Jonny thought it was strange, because it was only a 100-pound fish – being a little more aggressive than normal – and it was taking so much line. He backed after the marlin, gaining 50-100 yards at a time, slowing the boat to let the angler catch his breath. He chased after it for about 10-15-minutes before he got on top of it.
The marlin was down and dirty, with Jonny sitting the boat in neutral, with it straight up and down off the stern. The fish made one more little run, with Jonny backing the boat right up to it.
As they got the marlin to leader, Jameson took double wraps on the line and pulled it up. It was fighting a little bit, shaking its head, but coming in easier than a normal 100-pound fish. As he pulled it up, about 15 feet off the starboard corner, he noticed some movement out of the corner of his eye.
Before Jameson could see what it was, Jonny noticed that the marlin was bleeding really bad and was missing its tail up to the caudal peduncle. As Jameson held on to the leader, an estimated eight- to ten-foot, 600-pound mako shark came up right next to the boat and took another big bite out of the marlin, leaving them with half a fish.
Jameson still had double wraps on the marlin and figured he wasn’t going to be able to hold on to it and the shark, so he let the leader go. The mako kept eating the marlin up to the pec fins. At that point, Jonny had the boat in neutral. Jonny wanted the lure back, so Jameson pulled up what was left of the marlin and got the lure up to the leader swivel. Jonny cut the leader about five feet from the hook.

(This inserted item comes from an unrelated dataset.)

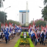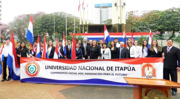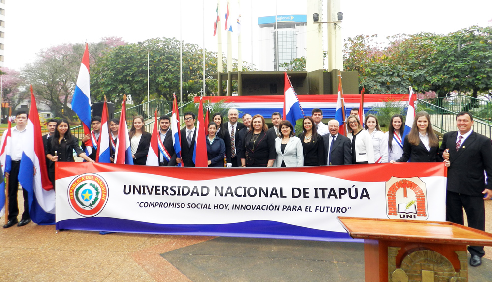 Directivos, decanos, docentes, estudiantes y administrativos de la Universidad Nacional de Itapúa (UNI) encabezado por la Vicerrectora Dra. Yilda Agüero de Talavera y el Presidente de la Comisión de conmemoración de los 400 años de Encarnación, Dr. René Arrúa Torreani, representaron a la Universidad en el acto protocolar en Conmemoración al Día de la Bandera Paraguaya que se llevó a cabo en la Plaza de Armas de la Ciudad de Encarnación, donde también estuvieron representantes de instituciones de los diversos estamentos de la sociedad encarnacena y regional, entre ellos estudiantes y directivos de colegios y universidades, autoridades locales encabezado por su intendente el Abg. Hugo Barreto, Concejales municipales y departamentales, representantes del Colegio Militar (COMISOE), Armada Nacional, delegación del Instituto de Altos Estudios Estratégicos (IAEES) del Ministerio de Defensa, quienes enaltecieron el símbolo patrio. En la apertura fue entonado el Himno Nacional con el acompañamiento de la banda municipal Santa Rosa.
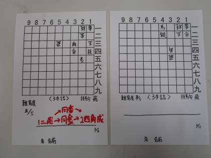 今日の一枚目の写真は、左側が前回の詰将棋の解答で、右側が本日の詰将棋の問題です。

Jameson dangled the head of the marlin off the side of the boat. For at least five minutes, the mako kept swimming around the boat but seemed skittish.
Jonny thought about catching the mako, since they are one of the few edible sharks. It is a tender, white meat, like chicken. On occasion, local restaurants will have it on their menu, but makos are rarely caught on Maui. The last one weighed in Lahaina was in 2013.
Since Jonny never shark fishes, he didn’t have any cable rigs on the boat. He got out a 400-pound mono marlin rig to use, then went to grab a bait. All he had was 15- to 20-pound tuna, but he decided to keep them, since he had already given the mako his marlin. Jameson let the leader go with the head of the marlin attached, as the mako followed it into the depths to finish off what was left.
Jonny mentioned that the marlin fought a lot harder than it should have for its size – a combination of being foul-hooked in the chin, and the mako right behind it. He figured that the last little run the marlin made just before leader was it getting its tail bitten off as it tried to get away from the mako.
Makos represent one of the largest, fastest, most sophisticated species of pelagic shark on our planet. They feed on some of the world’s fastest and highly developed tunas and billfish, and are therefore considered apex predators. Author Ernest Hemingway was impressed by the mako and depicted them as the marlin-marauding monsters in his classic novel “The Old Man and the Sea.”